Dataset content |
======
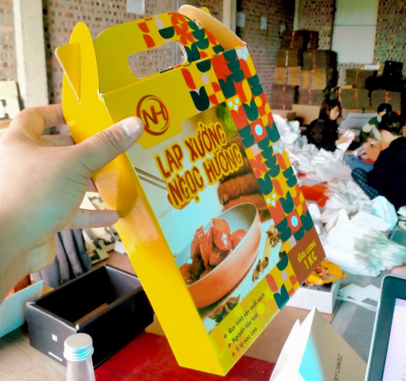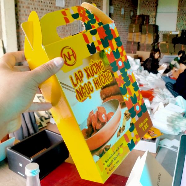 Hộp carton nắp gập có sỏ quai được thiết kế theo kiểu nắp gập liền thân (gấp từ 1 tấm carton, gập thành hộp chỉ bằng thao tác đơn giản, không cần keo), giúp đóng mở nhanh mà vẫn giữ form chắc chắn. Phía trên hộp có quai xách tiện dụng, giúp khách hàng dễ dàng mang theo mà không sợ tuột hay biến dạng hộp.
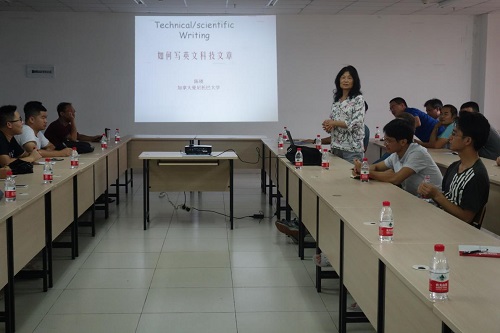 为加强万象城官网青年教师和研究生的英文科技论文写作能力,陈瑛教授作了《如何写英文科技论文》的专题讲座。陈瑛教授首先介绍了英文科技论文的构成。随后,陈教授详细地介绍了英文科技论文每个部分独特的比例分配、具体写作手法以及图表注释等问题,并且在每个部分都以具体论文为例,详细全面地描述了规范的英文科技论文的具体写作形式,图文并茂的形式让老师和同学们了解了在英文科技论文比例分配和图表注释的重要性。授课期间,陈教授深入浅出地讲述了有关自己写作英文科技论文的写作的具体实例,给老师和同学们带来写作上的共鸣与启迪。此外,陈教授鼓励老师和同学们有问题积极提问,并耐心地解答问题,精彩的讲课赢得了老师和同学们热烈的掌声。
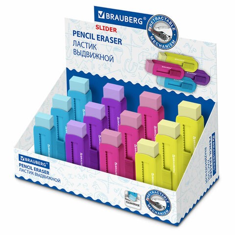 Ластик выдвижной BRAUBERG "Slider", 88х26х21 мм, яркие цвета корпуса ассорти, 271985
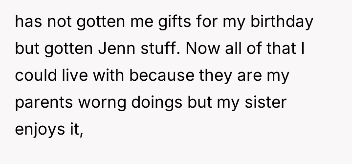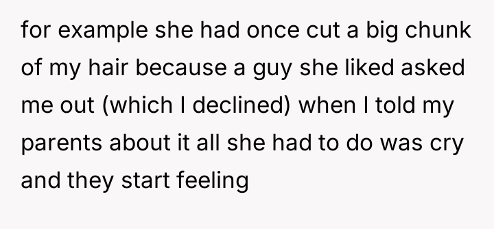 After reading through the Reddit comments, many readers empathized with the narrator's feelings of neglect and frustration towards their parents' favoritism and their sister's manipulative behavior. Some suggested seeking therapy or establishing boundaries with both the parents and sister to protect one's emotional well-being. Others reminded readers that while family dynamics can be painful, finding support outside the family can be a crucial step in healing.
======
What you are asked to do | Please write out the lines above exactly, from the one that contains "为加强万象城官网青年教师和研" through the final line, and include none of the pictures.

Answer below |
 为加强万象城官网青年教师和研究生的英文科技论文写作能力,陈瑛教授作了《如何写英文科技论文》的专题讲座。陈瑛教授首先介绍了英文科技论文的构成。随后,陈教授详细地介绍了英文科技论文每个部分独特的比例分配、具体写作手法以及图表注释等问题,并且在每个部分都以具体论文为例,详细全面地描述了规范的英文科技论文的具体写作形式,图文并茂的形式让老师和同学们了解了在英文科技论文比例分配和图表注释的重要性。授课期间,陈教授深入浅出地讲述了有关自己写作英文科技论文的写作的具体实例,给老师和同学们带来写作上的共鸣与启迪。此外,陈教授鼓励老师和同学们有问题积极提问,并耐心地解答问题,精彩的讲课赢得了老师和同学们热烈的掌声。
 Ластик выдвижной BRAUBERG "Slider", 88х26х21 мм, яркие цвета корпуса ассорти, 271985
 After reading through the Reddit comments, many readers empathized with the narrator's feelings of neglect and frustration towards their parents' favoritism and their sister's manipulative behavior. Some suggested seeking therapy or establishing boundaries with both the parents and sister to protect one's emotional well-being. Others reminded readers that while family dynamics can be painful, finding support outside the family can be a crucial step in healing.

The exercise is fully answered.